Фамилия его была Шубкин...

Но сначала о той славе, которую я принесла и без меня уже знаменитой своими фельетонами «Заре». Ее сотрудники были правы: редактор Матушкина на самом деле завлекла меня, наобещала журналистского будущего: «У тебя явное и яркое журналистское будущее». А когда я, польщенная и сбитая с толку такими словами, ринулась в это будущее, она и впрямь ко мне быстро остыла.

В комнате было четыре письменных стола, и нас было четверо: Шубкин, я и две заведующие отделами —Любочка и Анна Васильевна. Любочка ведала отделом искусства, Анна Васильевна — сельским, Шубкин занимался фельетонами. Я же была придана Анне Васильевне, «брошена на село», по выражению Матушкиной. Она так сразу мне и заявила: «Тебя брошу на село. Ты себя не знаешь. Ты — самородок! Самостийный талант! Заведующая у тебя будет замечательный человек, жена нашего председателя исполкома, а ты внесешь в работу сельскохозяйственного отдела молодую струю». Я готова была с первой минуты оправдать все эти надежды, но Матушкина скоро забыла о своих словах, лицо ее при взгляде на меня стало меркнуть от недовольства, словно я подвела ее, и теперь ей приходится глядеть на меня как на свою ошибку. Анна Васильевна и Любочка, смеясь и переглядываясь, расспрашивали меня:

И ты, значит, бросила своих целинников и завернула к нам?

Они нарочно ничего не хотели понимать, им нравилось, как я горячусь, объясняя:

Никого я не бросала!
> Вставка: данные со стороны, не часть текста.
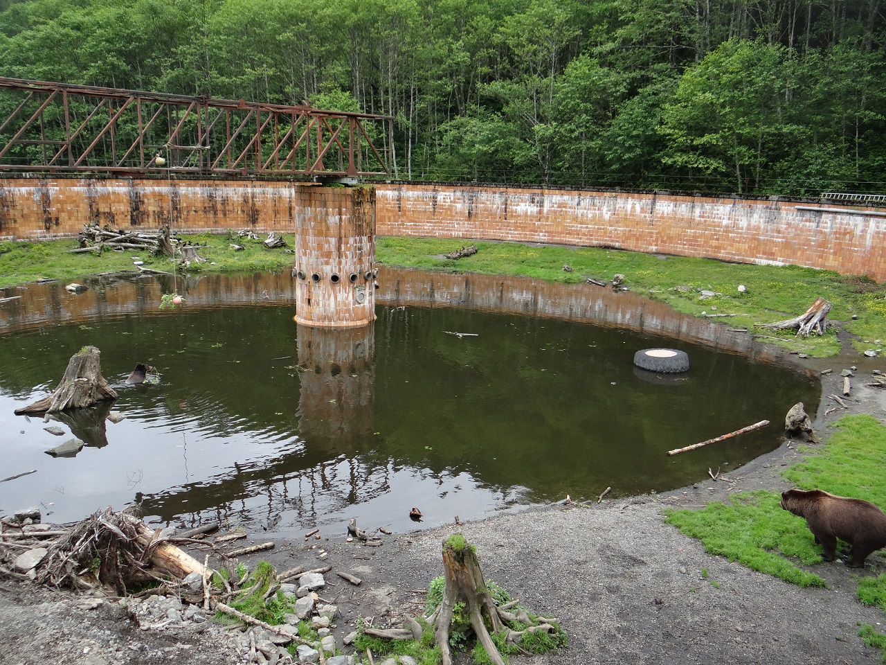 I didn’t know what to expect – cages, free roaming areas, etc. so I was happily surprised when I walked up the stairs to the viewing platform to see two enclosures that were repurposed silos (they are waiting to expand to a third nearby) with eight bears wandering about (sadly since my visit, one bear has passed). The large silos have water areas, grass, tree branches and play items like tires and such.

Я вам говорила уже: я была при них командировочной, сопровождала отряд в совхоз «Русское поле». Привезла их туда и должна была вернуться обратно, в Новосибирск.

Иногда и Шубкин проявлял интерес к этим разговорам, поднимал голову от своих бумаг, какое-то время слушал нас. А потом откидывался на спинку стула, это был знак: он ждет, когда мы умолкнем.
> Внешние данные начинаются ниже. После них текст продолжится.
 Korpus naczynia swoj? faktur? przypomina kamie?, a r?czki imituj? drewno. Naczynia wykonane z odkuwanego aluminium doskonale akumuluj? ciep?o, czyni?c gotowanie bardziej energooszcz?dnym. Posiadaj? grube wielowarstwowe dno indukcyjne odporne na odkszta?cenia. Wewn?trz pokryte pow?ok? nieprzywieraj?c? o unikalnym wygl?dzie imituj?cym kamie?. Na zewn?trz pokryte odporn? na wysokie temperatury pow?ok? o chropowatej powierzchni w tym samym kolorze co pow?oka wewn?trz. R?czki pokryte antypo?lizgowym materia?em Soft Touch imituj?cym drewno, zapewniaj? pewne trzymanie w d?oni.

Да. В тот день, когда судьба развернула меня лицом к редакции, я действительно должна была вернуться в Новосибирск. И тут на моем пути возникла Матушкина. «Послушай, славная моя, напиши статью про целинников. Мы дадим ее на первой полосе. Твою фамилию вынесем наверх, имя дадим не инициалом, а полностью». Я не все понимала из ее слов, но она предлагала что-то очень заманчивое. Я стала отнекиваться, но не категорически, а как бы набивая себе цену, вроде того что я с удовольствием написала бы, но когда? У меня и билет обратный уже на руках, и вообще нет условий поговорить с целинниками, вы-де видите, какой вокруг ажиотаж и сплошной митинг. Услышав про «сплошной митинг», Матушкина окончательно уверовала в меня: «У тебя, славная моя, имеется дар слова. Ты должна написать свою статью нестандартно, без единого штампа, ты должна написать эту статью, как письмо своему единственному любимому другу». У самой Матушкиной журналистского дара имелось самую малость, как потом я узнала, она написала в жизни одну-единственную статью о том, как провели свой выходной на лоне природы рабочие маслозавода. Заканчивалась эта статья благодушным авторским резюме: «То-то было весело, то-то хорошо».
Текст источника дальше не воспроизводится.